TASK TO COMPLETE -
Set every line of the data down again exactly, and keep the pictures out.

THE DATA -
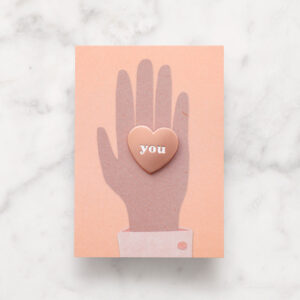 A sweet heart shaped pin made from high quality hard enamel and matt copper toned metal. Complete with a rubber clasp.
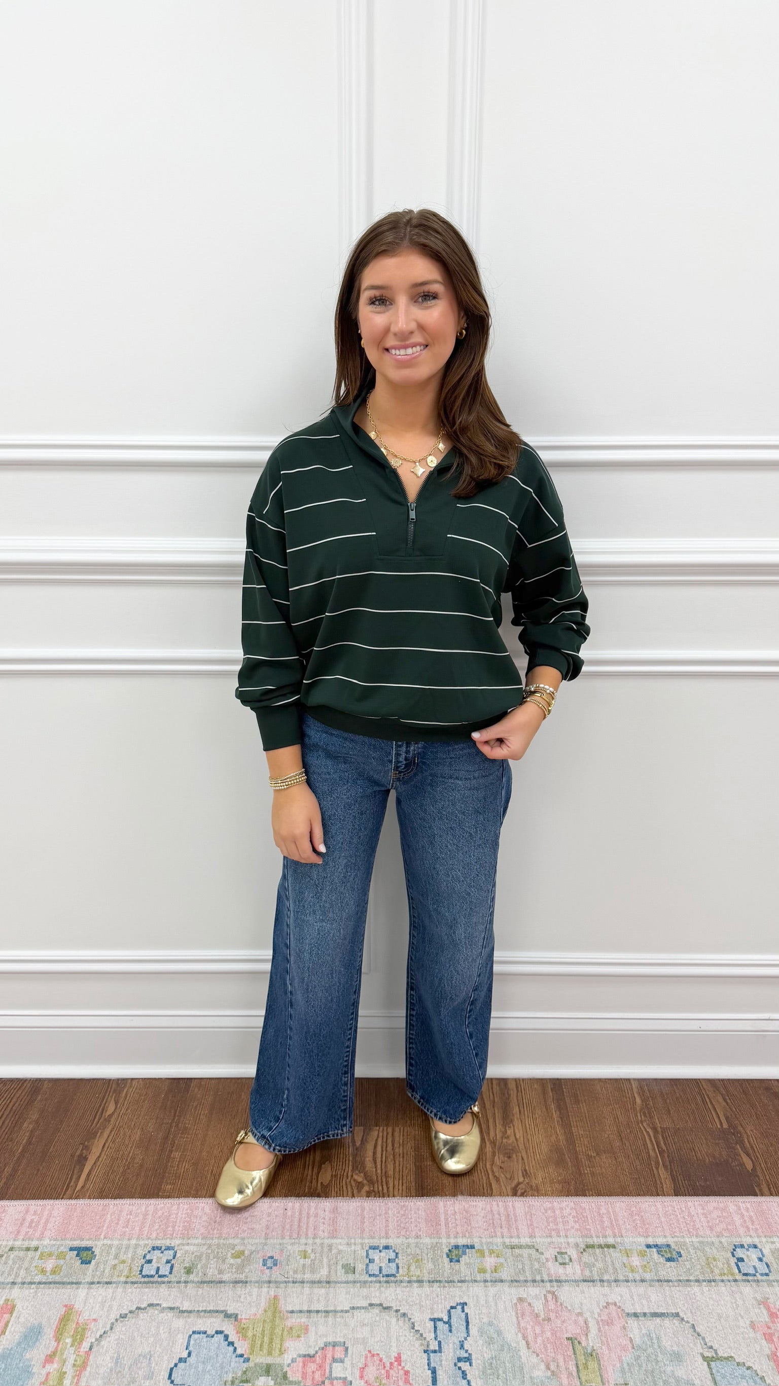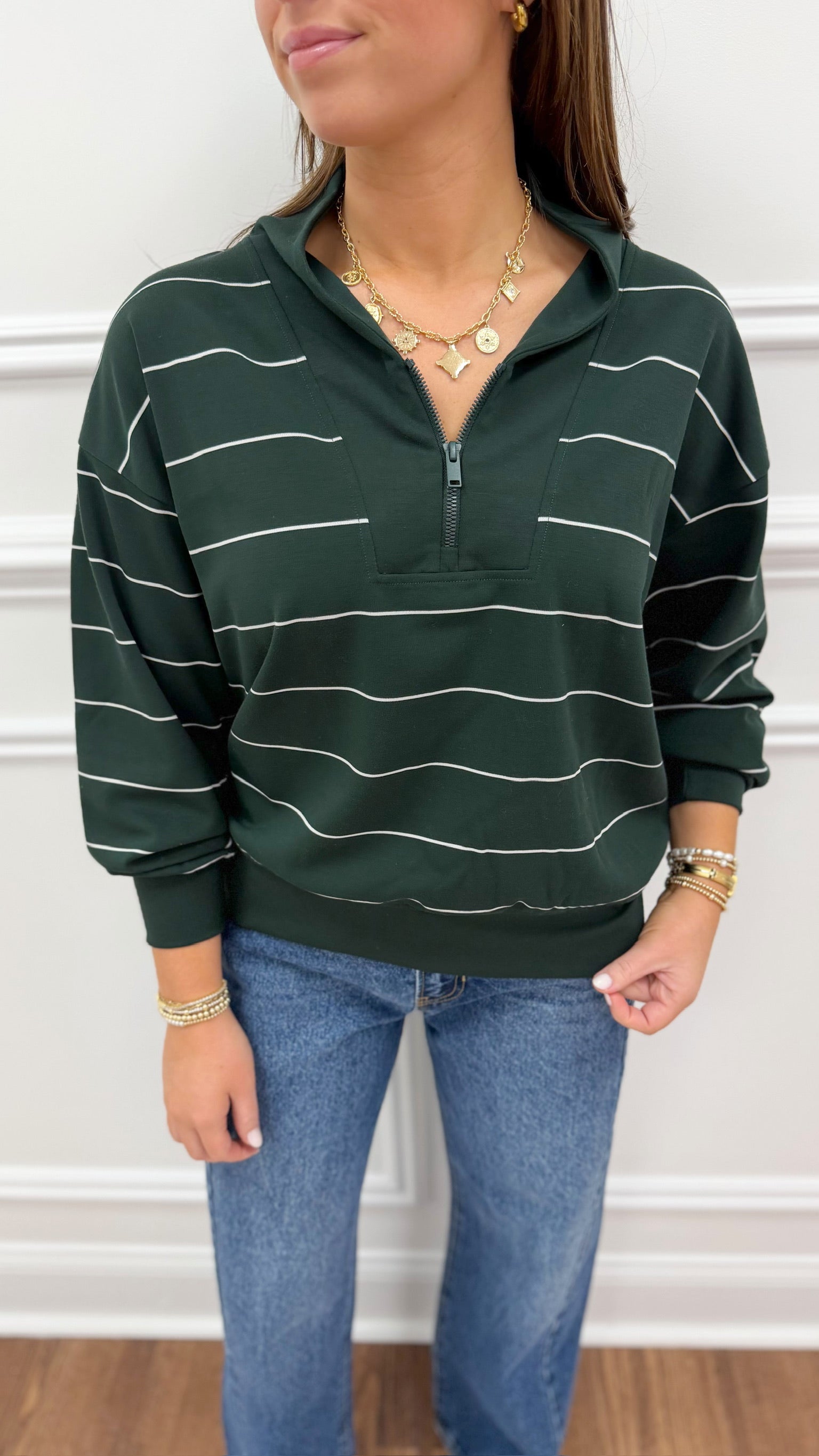 The Callie Striped Top in Green is the essential quarter zip you've been waiting for. Featuring timeless stripes and a rich green colorway, this piece seamlessly transitions from season to season and occasion to occasion. Available in sizes small through large with true-to-size fit, you can shop with confidence knowing you'll get the perfect silhouette. Make it your new favorite layering piece that works as hard as you do.
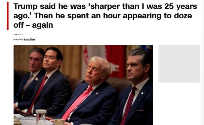 美國有線電視新聞網(wǎng)(CNN)注意到,當(dāng)美國商務(wù)部長盧特尼克談及貿(mào)易戰(zhàn)時,特朗普“似乎難以睜開眼睛”。在美國教育部長麥克馬洪和美國衛(wèi)生與公眾服務(wù)部長小羅伯特·肯尼迪發(fā)言時,特朗普“似乎僵住了,閉著眼睛,每次持續(xù)10到15秒,然后才轉(zhuǎn)動眼球或點頭”。
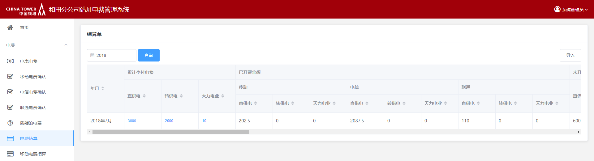 電(diàn)費(fèi)結算(suàn):電(diàn)費(fèi)結算(suàn),維護累計(jì)墊付的(de)電(diàn)&費(fèi)、收取運營商繳納的(de)電(diàn)費(fèi),并且計(jì)算(suàn)電(diàn)費(fèi)回報(bào)率等功能(néng)。

WRITTEN RESPONSE -
 A sweet heart shaped pin made from high quality hard enamel and matt copper toned metal. Complete with a rubber clasp.
 The Callie Striped Top in Green is the essential quarter zip you've been waiting for. Featuring timeless stripes and a rich green colorway, this piece seamlessly transitions from season to season and occasion to occasion. Available in sizes small through large with true-to-size fit, you can shop with confidence knowing you'll get the perfect silhouette. Make it your new favorite layering piece that works as hard as you do.
 美國有線電視新聞網(wǎng)(CNN)注意到,當(dāng)美國商務(wù)部長盧特尼克談及貿(mào)易戰(zhàn)時,特朗普“似乎難以睜開眼睛”。在美國教育部長麥克馬洪和美國衛(wèi)生與公眾服務(wù)部長小羅伯特·肯尼迪發(fā)言時,特朗普“似乎僵住了,閉著眼睛,每次持續(xù)10到15秒,然后才轉(zhuǎn)動眼球或點頭”。
 電(diàn)費(fèi)結算(suàn):電(diàn)費(fèi)結算(suàn),維護累計(jì)墊付的(de)電(diàn)&費(fèi)、收取運營商繳納的(de)電(diàn)費(fèi),并且計(jì)算(suàn)電(diàn)費(fèi)回報(bào)率等功能(néng)。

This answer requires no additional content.